** Opening DATA RECORDS block **

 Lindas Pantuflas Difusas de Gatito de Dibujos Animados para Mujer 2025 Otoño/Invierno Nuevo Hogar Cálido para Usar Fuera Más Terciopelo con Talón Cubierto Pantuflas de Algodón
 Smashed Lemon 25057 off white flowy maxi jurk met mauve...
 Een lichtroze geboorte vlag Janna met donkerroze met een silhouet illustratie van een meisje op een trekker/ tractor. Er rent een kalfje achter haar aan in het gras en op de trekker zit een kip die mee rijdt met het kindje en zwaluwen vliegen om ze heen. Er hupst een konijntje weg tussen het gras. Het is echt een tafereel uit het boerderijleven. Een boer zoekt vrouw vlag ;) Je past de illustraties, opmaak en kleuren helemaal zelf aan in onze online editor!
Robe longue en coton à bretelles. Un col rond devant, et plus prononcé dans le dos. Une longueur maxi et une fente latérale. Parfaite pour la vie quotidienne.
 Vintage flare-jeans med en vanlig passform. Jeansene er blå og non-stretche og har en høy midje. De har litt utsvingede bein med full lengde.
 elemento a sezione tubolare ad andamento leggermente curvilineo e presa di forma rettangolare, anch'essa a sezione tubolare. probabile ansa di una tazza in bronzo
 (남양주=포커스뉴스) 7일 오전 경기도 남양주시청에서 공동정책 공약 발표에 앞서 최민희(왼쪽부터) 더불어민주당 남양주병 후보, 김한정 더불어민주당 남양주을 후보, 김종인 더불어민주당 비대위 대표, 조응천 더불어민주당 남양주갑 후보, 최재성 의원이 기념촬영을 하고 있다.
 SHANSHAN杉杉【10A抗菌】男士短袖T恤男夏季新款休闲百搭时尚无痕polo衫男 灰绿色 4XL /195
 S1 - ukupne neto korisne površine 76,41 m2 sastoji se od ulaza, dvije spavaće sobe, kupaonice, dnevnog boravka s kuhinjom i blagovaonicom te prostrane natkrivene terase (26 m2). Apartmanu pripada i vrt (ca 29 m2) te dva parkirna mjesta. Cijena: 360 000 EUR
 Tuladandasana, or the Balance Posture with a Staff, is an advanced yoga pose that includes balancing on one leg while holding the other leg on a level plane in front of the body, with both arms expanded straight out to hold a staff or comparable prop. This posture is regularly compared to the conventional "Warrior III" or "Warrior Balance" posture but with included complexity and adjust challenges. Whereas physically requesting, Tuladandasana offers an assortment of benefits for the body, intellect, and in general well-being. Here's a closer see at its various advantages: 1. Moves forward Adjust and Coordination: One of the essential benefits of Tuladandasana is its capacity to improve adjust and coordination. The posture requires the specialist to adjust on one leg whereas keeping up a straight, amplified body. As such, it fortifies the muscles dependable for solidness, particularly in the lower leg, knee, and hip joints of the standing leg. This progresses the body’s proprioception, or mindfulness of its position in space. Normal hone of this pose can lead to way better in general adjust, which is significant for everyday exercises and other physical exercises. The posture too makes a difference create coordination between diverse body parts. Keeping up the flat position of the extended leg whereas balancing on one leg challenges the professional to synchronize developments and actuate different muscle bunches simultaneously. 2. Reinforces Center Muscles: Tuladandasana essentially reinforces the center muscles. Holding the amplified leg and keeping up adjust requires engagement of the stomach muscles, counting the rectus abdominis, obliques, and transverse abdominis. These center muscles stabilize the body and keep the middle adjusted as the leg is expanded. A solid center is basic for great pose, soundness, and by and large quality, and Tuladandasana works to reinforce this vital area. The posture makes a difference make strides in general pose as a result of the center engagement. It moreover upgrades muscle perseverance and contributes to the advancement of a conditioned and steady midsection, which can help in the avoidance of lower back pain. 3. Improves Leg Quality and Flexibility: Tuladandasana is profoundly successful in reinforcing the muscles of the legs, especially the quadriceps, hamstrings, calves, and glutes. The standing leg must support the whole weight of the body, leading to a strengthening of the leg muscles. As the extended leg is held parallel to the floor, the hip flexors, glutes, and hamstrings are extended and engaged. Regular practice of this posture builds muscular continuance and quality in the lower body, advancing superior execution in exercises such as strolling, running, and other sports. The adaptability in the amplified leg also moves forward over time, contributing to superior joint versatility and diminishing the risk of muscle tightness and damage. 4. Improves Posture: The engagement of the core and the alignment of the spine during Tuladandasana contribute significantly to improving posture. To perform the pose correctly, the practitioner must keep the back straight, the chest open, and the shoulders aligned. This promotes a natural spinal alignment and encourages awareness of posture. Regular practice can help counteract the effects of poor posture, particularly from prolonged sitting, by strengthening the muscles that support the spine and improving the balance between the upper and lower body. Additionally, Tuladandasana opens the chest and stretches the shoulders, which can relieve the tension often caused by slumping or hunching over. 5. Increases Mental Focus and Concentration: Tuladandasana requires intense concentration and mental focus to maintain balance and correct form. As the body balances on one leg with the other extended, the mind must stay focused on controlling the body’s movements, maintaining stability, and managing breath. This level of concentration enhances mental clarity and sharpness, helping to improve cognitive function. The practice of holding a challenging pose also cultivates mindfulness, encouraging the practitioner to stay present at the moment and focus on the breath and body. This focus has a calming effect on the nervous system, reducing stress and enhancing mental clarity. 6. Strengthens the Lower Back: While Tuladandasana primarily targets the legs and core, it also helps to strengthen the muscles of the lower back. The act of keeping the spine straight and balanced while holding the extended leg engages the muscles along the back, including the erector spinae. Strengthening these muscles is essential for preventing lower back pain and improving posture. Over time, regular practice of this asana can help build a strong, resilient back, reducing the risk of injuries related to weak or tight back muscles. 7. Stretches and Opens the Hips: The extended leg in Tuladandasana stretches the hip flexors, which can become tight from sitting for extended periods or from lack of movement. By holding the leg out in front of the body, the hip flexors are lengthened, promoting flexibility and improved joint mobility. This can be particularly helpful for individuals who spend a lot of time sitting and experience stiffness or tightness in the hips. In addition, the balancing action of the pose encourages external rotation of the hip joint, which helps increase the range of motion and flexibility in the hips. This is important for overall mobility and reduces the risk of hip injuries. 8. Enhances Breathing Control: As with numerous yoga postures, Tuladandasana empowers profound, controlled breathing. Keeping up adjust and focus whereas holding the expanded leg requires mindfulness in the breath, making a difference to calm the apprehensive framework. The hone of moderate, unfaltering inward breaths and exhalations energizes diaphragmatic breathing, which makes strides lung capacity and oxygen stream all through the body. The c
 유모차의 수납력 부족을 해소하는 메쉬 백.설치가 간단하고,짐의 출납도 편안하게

** Closing DATA RECORDS block **

Your answer must be the lines from the first line of the entries above through the line that contains "Smashed Lemon 25057", written out exactly.

== SOLVED PROBLEM ==
 Lindas Pantuflas Difusas de Gatito de Dibujos Animados para Mujer 2025 Otoño/Invierno Nuevo Hogar Cálido para Usar Fuera Más Terciopelo con Talón Cubierto Pantuflas de Algodón
 Smashed Lemon 25057 off white flowy maxi jurk met mauve...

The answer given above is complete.